Vale a pena aqui sublinhar o facto de que Francisco, um
idiota voluntário, depois de ter abraçado a vida com a senhora
Pobreza, dirige a sua atenção à morte. Faz o seu “desposório” com a
Pobreza e chama “irmã” à morte. Com efeito, a morte é uma condição
humana e a pobreza é uma escolha.
::
Ressurreição e Vida
“Ai daqueles que morrem em pecado mortal!
Bem-aventurados aqueles que
cumpriram tua santíssima vontade,
porque a segunda morte não lhes fará mal.”
Sabemos que o Evangelho significa uma boa notícia, um
alegre anúncio dos bens messiânicos a favor de todas as pessoas, ainda
que a preferência seja dada explicitamente às mais pobres (Lc 4,18ss.; Mt
11,5).
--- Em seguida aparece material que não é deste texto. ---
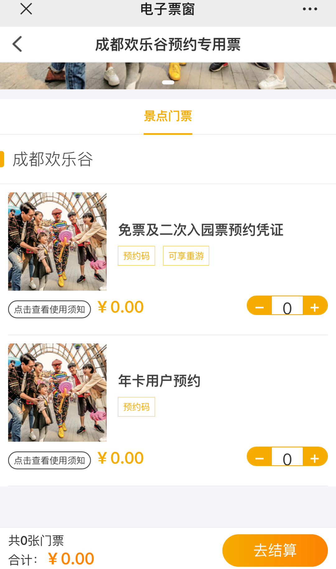2、此预约票仅作为游客预约当天出游凭证,不作为成都欢乐谷入园凭证,入园时请提前出示本人预约身份证原件及年卡,工作人员核验无误后方可前往检票口验票入园。
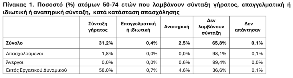 Όσον αφορά στην προσπάθεια για κατοχύρωση συνταξιοδοτικού δικαιώματος σε σχέση με την κατάσταση απασχόλησης και τη λήψη σύνταξης, για το σύνολο των ατόμων ηλικίας 50 έως 74 ετών, παρατηρείται ότι το 31,6% παίρνει σύνταξη, εκ των οποίων όμως ποσοστό 0,8% εξακολουθεί να εργάζεται, και ένα σημαντικό ποσοστό της τάξης του 42,4% δεν παίρνει σύνταξη και εξακολουθεί να εργάζεται προσπαθώντας να κατοχυρώσει συνταξιοδοτικό δικαίωμα.

Se este anúncio não tivesse como
pressuposto a esperança – ou melhor dizendo, a certeza – da ressurreição
e da vida futura marcada pela imortalidade, provocaria em nós uma
desilusão amarga.
Também o Cântico de Francisco não teria
aparecido como uma novidade, se com a reevocação de tais perspectivas,
garantidas como seguras, não tivesse expresso a Deus a gratidão também
pela morte, irmã comum como o sol, a lua, a estrelas, a nossa Terra com
todas as coisas belas predispostas pelo Amor do Altíssimo.
Francisco reevoca o mistério do pecado e da sua tremenda
consequência irreparável; e, em perfeita antítese, a exaltante
perspectiva de que a adesão dos justos a Deus é confirmada com a
perseverança.
::
Apelo ao louvor
“Louvai
e bendizei a meu Senhor,
e
dai-lhe graças e servi-o com grande humildade.”
Em conclusão
deste lindíssimo poema, fica-nos um apelo ao louvor, à bênção, ao
agradecimento. Um apelo dirigido a todas as criaturas, no estilo do
cantor ecuménico, mas apontando
especialmente às criaturas humanas. Dá-nos a impressão de uma
verdadeira explosão de amor, que quer envolver todos os seres da criação
na mesma onda de místico entusiasmo.
Frei Luís de Oliveira,
ofm
_______________
(1) Nº 2-3. In
FONTES FRANCISCANAS, I
– S. Francisco de Assis. Escritos, Biografias, Documentos.
Editorial Franciscana, Braga 1994, 2ª ed.
(2)
ver
Tomás de Celano, Vida Primeira 17.
(3)
Nº 2-3.
(4)
Legenda dos Três Companheiros
88; Anónimo Perusino 51.
(5)
ver Legenda dos Três Companheiros 83.